Significance. If the synthetic data generation is properly controlled and does not introduce artifacts, this work demonstrates a practical approach to enhancing simpler, interpretable models in data-limited clinical domains such as geriatric perioperative care. The differential benefit to logistic regression versus already-strong tree-based and transformer models is a noteworthy empirical observation that could inform model selection under data scarcity.

major comments (2)

[Methods] Methods: The hyperparameters for the Adversarial Random Forests (ARF) used to generate synthetic data are not specified, nor is any procedure described for fitting them, selecting them, or validating that the synthetic samples match the real data distribution (e.g., via Kolmogorov-Smirnov tests or propensity score checks). This is load-bearing for the central claim, as any spurious correlations introduced by ARF could be disproportionately exploited by logistic regression.
[Results] Results: Performance metrics are reported as single point estimates (e.g., logistic regression accuracy rising from 0.70 to 0.81) without standard errors, confidence intervals, or results across multiple data splits or random seeds. In small-sample geriatric datasets this omission prevents assessment of whether the reported gains are reliable or sensitive to particular train/test partitions.

minor comments (2)

[Abstract] Abstract: While accuracy and AUC improvements are highlighted, the abstract does not report the corresponding Brier score or logistic loss values for the augmented versus baseline settings, even though these metrics are stated to have been computed.
[Introduction] The manuscript uses the abbreviation 'ComImp' for the combined real-data imputation strategy without an explicit expansion on first use, which could reduce immediate clarity for readers unfamiliar with the project.
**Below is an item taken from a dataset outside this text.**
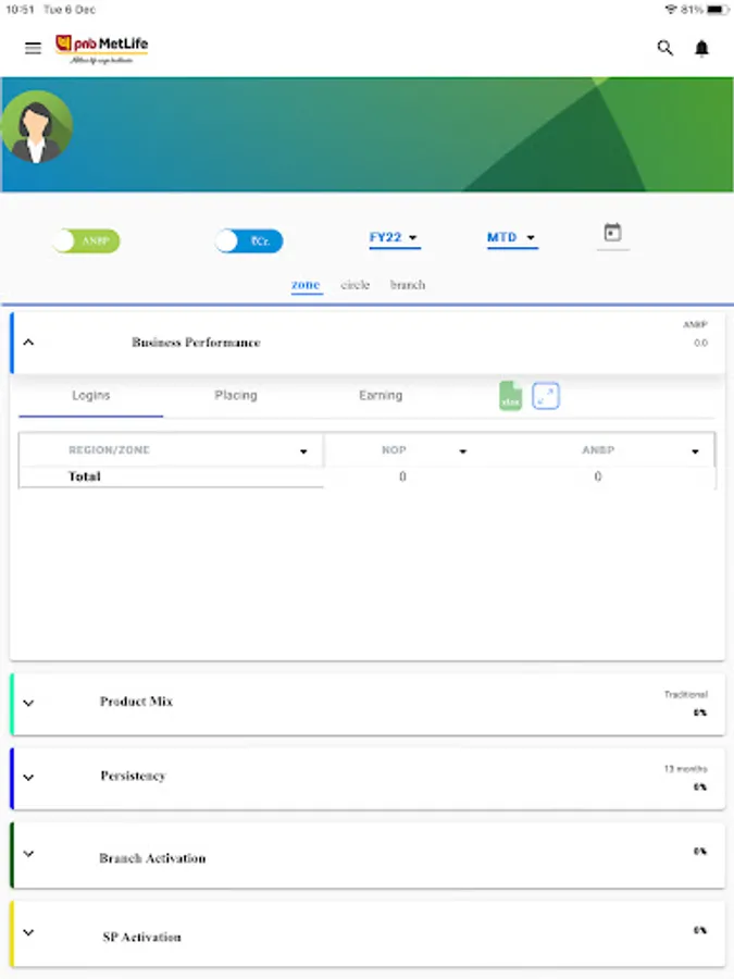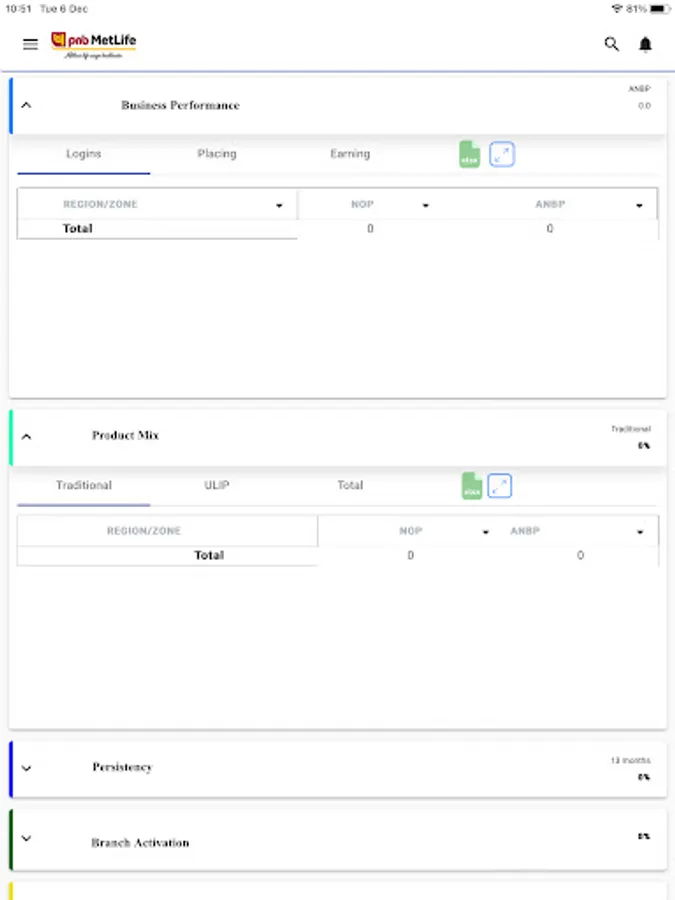 PNB Metlife Dashboard is designed to give quick access to the PNB team current business vectors. The dashboards showcase realtime data for the logins, placing, persistency and activation for the distribution. This is to enable the distribution take informed decisions in advance to streamline the business initiatives.

Simulated Author's Rebuttal

2 responses · 0 unresolved

We thank the referee for the constructive and insightful comments, which help strengthen the methodological transparency and statistical rigor of our work. We address each major comment below and will revise the manuscript accordingly.

read point-by-point responses

Referee: [Methods] Methods: The hyperparameters for the Adversarial Random Forests (ARF) used to generate synthetic data are not specified, nor is any procedure described for fitting them, selecting them, or validating that the synthetic samples match the real data distribution (e.g., via Kolmogorov-Smirnov tests or propensity score checks). This is load-bearing for the central claim, as any spurious correlations introduced by ARF could be disproportionately exploited by logistic regression.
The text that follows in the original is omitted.